Afin de lutter plus efficacement contre la violence à l’égard des enfants en ligne, une meilleure coordination ainsi qu’une stratégie nationale de lutte contre la violence faite aux enfants sont nécessaires. Cette stratégie devrait aussi couvrir l’environnement numérique. Un autre impératif est d’améliorer la collecte de données, notamment au sujet de l’utilisation problématique d’internet et de ses conséquences sur les enfants et les jeunes, ou la participation à l’aide de moyens numériques. Il existe beaucoup de données sur l’utilisation des médias, mais la collecte de celles-ci est le plus souvent financée par le secteur privé. Au-delà d’une stratégie nationale, des stratégies cantonales sont nécessaires également.
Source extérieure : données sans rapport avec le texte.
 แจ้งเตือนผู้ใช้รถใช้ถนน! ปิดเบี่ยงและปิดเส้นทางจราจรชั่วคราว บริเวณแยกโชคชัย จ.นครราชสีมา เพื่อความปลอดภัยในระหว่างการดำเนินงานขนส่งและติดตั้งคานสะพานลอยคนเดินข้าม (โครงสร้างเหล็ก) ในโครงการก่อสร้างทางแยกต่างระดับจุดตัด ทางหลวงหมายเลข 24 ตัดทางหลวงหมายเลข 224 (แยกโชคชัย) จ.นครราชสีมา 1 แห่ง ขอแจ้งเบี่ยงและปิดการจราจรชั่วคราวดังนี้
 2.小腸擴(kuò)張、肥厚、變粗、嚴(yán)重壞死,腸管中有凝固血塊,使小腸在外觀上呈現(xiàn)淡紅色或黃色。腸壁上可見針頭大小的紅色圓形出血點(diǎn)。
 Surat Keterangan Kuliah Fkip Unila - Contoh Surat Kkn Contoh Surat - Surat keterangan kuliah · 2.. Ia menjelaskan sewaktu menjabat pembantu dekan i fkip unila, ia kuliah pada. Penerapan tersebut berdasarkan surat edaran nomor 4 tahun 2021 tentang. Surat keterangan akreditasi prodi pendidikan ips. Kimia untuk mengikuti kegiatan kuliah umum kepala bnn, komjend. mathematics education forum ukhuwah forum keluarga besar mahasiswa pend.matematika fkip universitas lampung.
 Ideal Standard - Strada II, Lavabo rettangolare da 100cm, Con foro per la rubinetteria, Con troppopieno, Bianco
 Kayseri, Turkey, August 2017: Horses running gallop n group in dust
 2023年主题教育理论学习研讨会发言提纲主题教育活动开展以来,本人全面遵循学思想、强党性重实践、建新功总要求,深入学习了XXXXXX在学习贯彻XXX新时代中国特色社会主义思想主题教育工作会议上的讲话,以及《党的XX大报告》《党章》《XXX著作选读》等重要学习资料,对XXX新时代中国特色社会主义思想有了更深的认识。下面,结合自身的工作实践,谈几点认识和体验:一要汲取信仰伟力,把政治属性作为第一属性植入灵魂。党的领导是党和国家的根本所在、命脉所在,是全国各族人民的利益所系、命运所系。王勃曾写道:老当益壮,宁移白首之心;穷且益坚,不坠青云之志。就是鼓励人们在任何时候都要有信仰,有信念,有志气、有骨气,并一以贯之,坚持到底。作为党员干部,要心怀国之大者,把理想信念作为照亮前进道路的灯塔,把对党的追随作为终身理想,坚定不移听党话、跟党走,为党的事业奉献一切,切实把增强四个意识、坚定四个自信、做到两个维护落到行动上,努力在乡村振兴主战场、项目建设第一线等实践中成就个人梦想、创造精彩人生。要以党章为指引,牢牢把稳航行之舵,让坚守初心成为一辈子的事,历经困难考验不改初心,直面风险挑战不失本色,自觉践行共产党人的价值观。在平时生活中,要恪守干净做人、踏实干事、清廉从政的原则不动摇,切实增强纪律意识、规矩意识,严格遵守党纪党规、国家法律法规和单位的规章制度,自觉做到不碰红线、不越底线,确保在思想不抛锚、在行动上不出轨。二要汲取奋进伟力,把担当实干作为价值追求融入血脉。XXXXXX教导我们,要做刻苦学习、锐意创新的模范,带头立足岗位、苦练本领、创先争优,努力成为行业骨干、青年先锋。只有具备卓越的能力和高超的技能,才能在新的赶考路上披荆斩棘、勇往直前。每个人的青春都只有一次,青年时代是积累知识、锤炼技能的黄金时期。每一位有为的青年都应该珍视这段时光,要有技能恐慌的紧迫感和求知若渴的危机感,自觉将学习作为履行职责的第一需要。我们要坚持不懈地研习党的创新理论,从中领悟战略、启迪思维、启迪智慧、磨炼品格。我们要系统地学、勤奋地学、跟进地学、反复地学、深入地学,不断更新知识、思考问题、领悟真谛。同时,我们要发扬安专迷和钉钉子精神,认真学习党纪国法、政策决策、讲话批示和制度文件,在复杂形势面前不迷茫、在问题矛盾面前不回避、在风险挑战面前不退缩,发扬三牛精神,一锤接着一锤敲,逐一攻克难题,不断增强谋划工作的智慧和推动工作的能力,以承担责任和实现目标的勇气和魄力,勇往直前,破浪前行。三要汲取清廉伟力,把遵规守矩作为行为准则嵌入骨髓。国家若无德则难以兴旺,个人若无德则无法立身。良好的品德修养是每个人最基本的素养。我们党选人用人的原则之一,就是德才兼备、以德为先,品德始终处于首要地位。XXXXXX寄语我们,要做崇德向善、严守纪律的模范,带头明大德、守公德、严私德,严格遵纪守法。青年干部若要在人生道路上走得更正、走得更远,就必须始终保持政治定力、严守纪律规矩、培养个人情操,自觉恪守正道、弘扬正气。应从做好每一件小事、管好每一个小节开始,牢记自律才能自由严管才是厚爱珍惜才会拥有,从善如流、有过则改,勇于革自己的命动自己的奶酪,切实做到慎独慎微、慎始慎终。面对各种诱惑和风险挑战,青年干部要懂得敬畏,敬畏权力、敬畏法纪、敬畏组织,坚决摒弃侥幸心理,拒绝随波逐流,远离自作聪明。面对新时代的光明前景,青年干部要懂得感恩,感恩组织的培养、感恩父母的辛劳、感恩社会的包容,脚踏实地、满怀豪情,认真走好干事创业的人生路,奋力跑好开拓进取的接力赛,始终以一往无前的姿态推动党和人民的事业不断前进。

Les cantons devraient élaborer des stratégies pour l’utilisation des moyens numériques dans les écoles, notamment dans une perspective de prévention de la violence.
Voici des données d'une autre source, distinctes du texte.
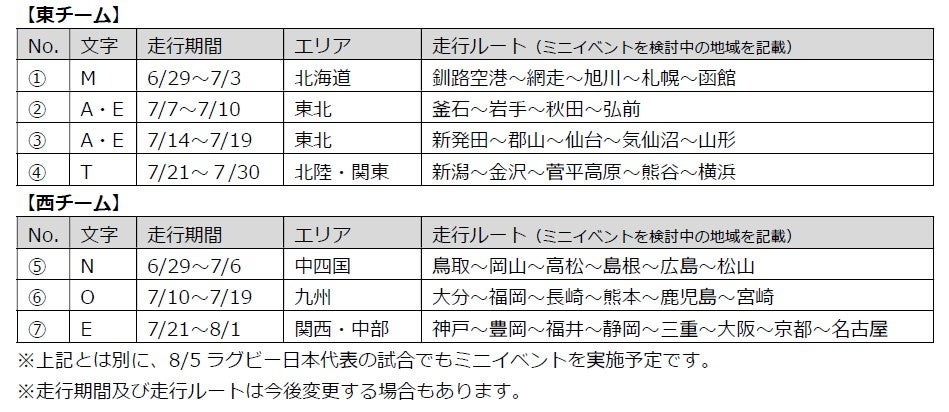 また、7~8月開催のラグビー日本代表戦5会場(7/8東京、7/15熊本、7/22北海道、7/29大阪、8/5東京)や三菱地所グループが運営する全国の商業施設等でも実施予定です。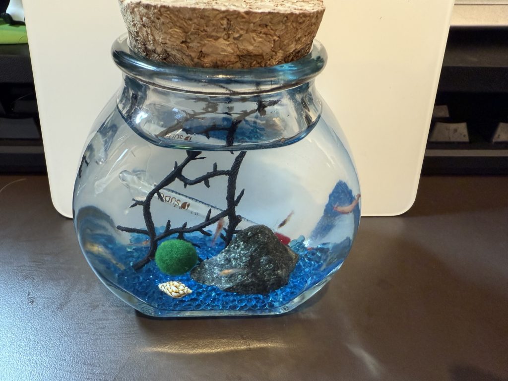 ゆらゆらと揺れる彼らの動き、水の音、そして光の反射。ボトルの中の小さな宇宙は、私にとって、心を静かに落ち着かせる「瞑想の空間」となりました。ただそこにいるだけで、心が安らぎ、深く癒やされていくのを感じます。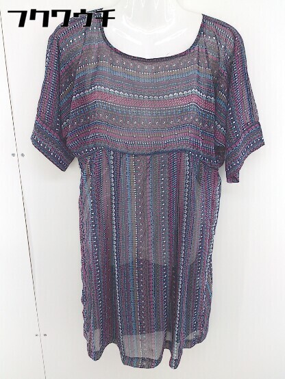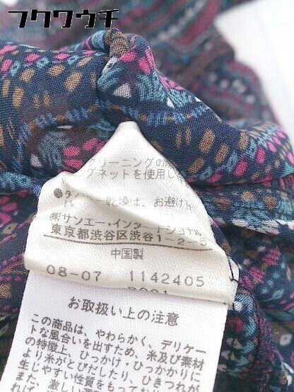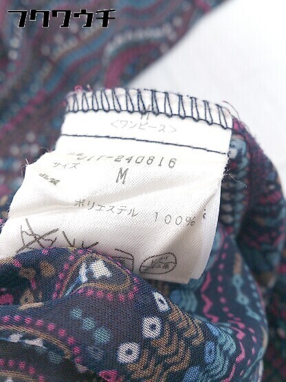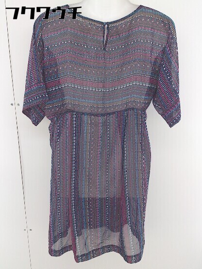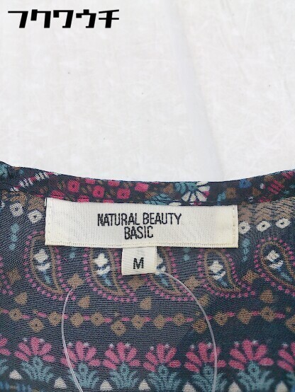 ◇ NATURAL BEAUTY BASIC 総柄 五分袖 膝丈 ワンピース サイズM ネイビー マルチ レディース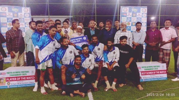 আব্দুল্লাহ মুনতাহিন ফাউন্ডেশন কর্তৃক আয়োজিত পটিয়া অলিম্পিক ফুটবল টুর্নামেন্ট ২০২৫মোমেনুল ইসলাম অভির পৃষ্ঠপোষকতাই ফাইনাল খেলায় প্রধান বক্তা ছিলেন নগর ছাএদলের সাবেক সভাপতি গাজী সিরাজ উল্লা, উক্ত খেলায় উসমান পাড়া স্পোর্টিং ক্লাব -এ বি চ্যালেঞ্জার্স পরাজিত করে ওসমান পাড়া স্পোটিং ক্লাব চ্যাম্পিয়ান হওয়ার গৌরব অর্জন করেন। এতে অনন্য মধ্যে উপস্থিত ছিলেন পটিয়া উপজেলা বিএনপির সাবেক সভাপতি জাহাঙ্গীর কবির, সাবেক যুগ্ম সম্পাদক নাছির উদ্দীন, কলিমুল্লা চৌধুরী, সাবেক কমিশনার মোহাম্মদ ইব্রাহিম, আবু জাফর চৌধুরী, জসিম উদ্দিন, জাফর ফারুকী, এস এম সুমন, জাহেদুল হক মেম্বার, এম এ রুবেল প্রমুখ।

La transformation numérique requiert également un effort important en matière d’encouragement des enfants et des jeunes dans l’utilisation qu’ils font des médias numériques, que ce soit à l’école ou dans les activités extrascolaires et le travail de jeunesse. Le numérique offre aussi de nouvelles possibilités pour toucher les jeunes. Les moyens numériques dans le travail de jeunesse ouvrent des perspectives pour favoriser la participation ou l’accès à la culture et à des groupes de pairs. Enfin, des moyens supplémentaires doivent être développés pour soutenir les parents et leur proposer des offres de formation. Le numérique doit être ancré dans les offres de conseil en matière d’éducation, dès la plus petite enfance. Les parents doivent être soutenus afin qu’ils prennent conscience de leur responsabilité dans l’accompagnement de leurs enfants en ce qui concerne l’utilisation des médias numériques.
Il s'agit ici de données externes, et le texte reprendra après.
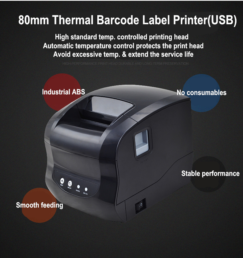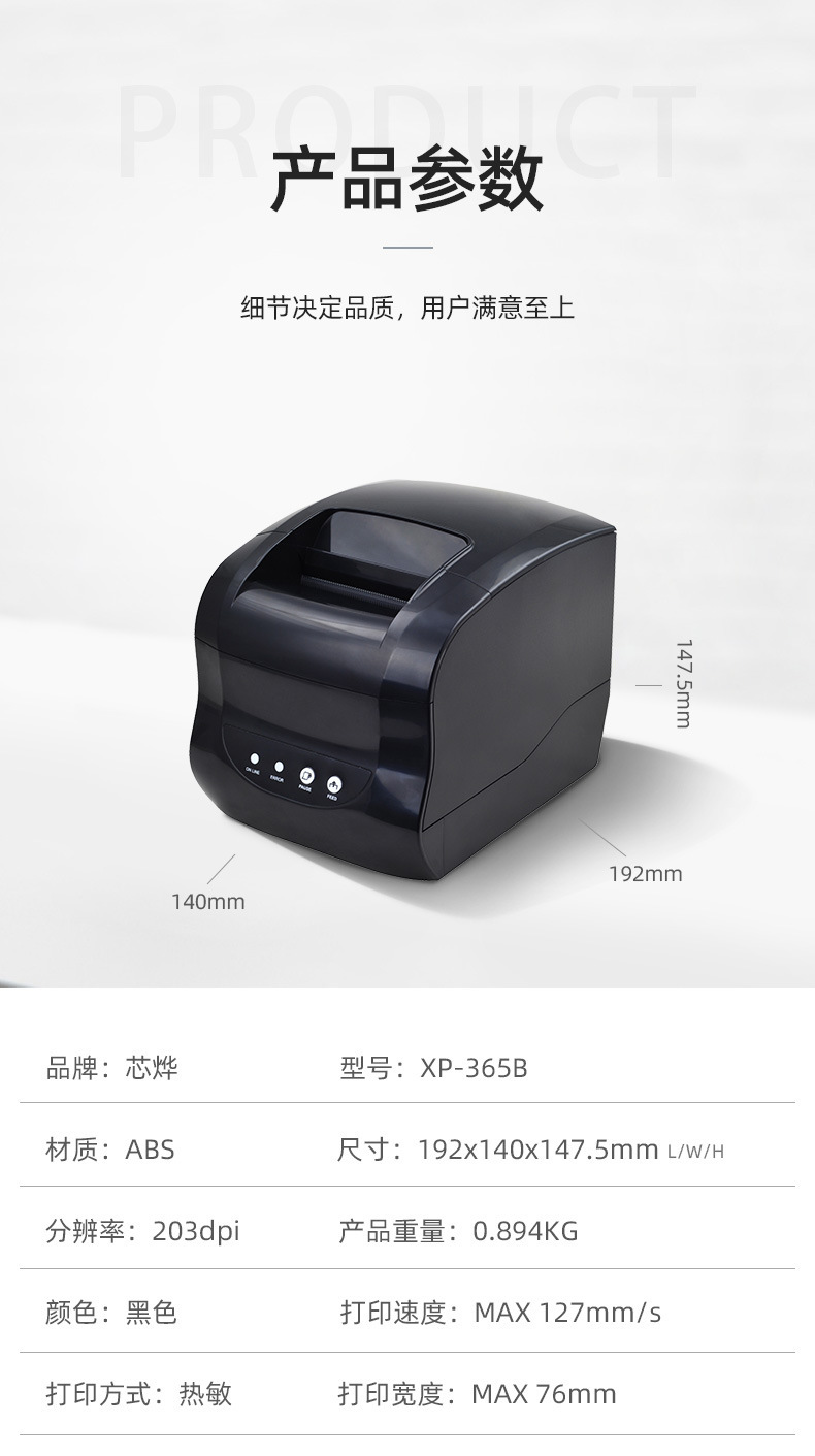 跨境热销XP-365B标签打印机不干胶打印机80mm热敏条形码价格打印机

Le programme de l’après-midi était consacré à la numérisation et au numérique dans le contexte du développement des communes et des villes amies des enfants. Une place du marché axée sur la pratique a permis à diverses communes et organisations de présenter leurs initiatives et offres dans le domaine du numérique pour les enfants et les jeunes. L’accent était mis sur l’échange de connaissances et la mise en réseau.
Pendant la place du marché, il y a eu sur scène des lightning talks passionnants de Peter Hruza (Parentu), Laura Krenzi (ciao.ch) et Karin Kraus (Lapurla).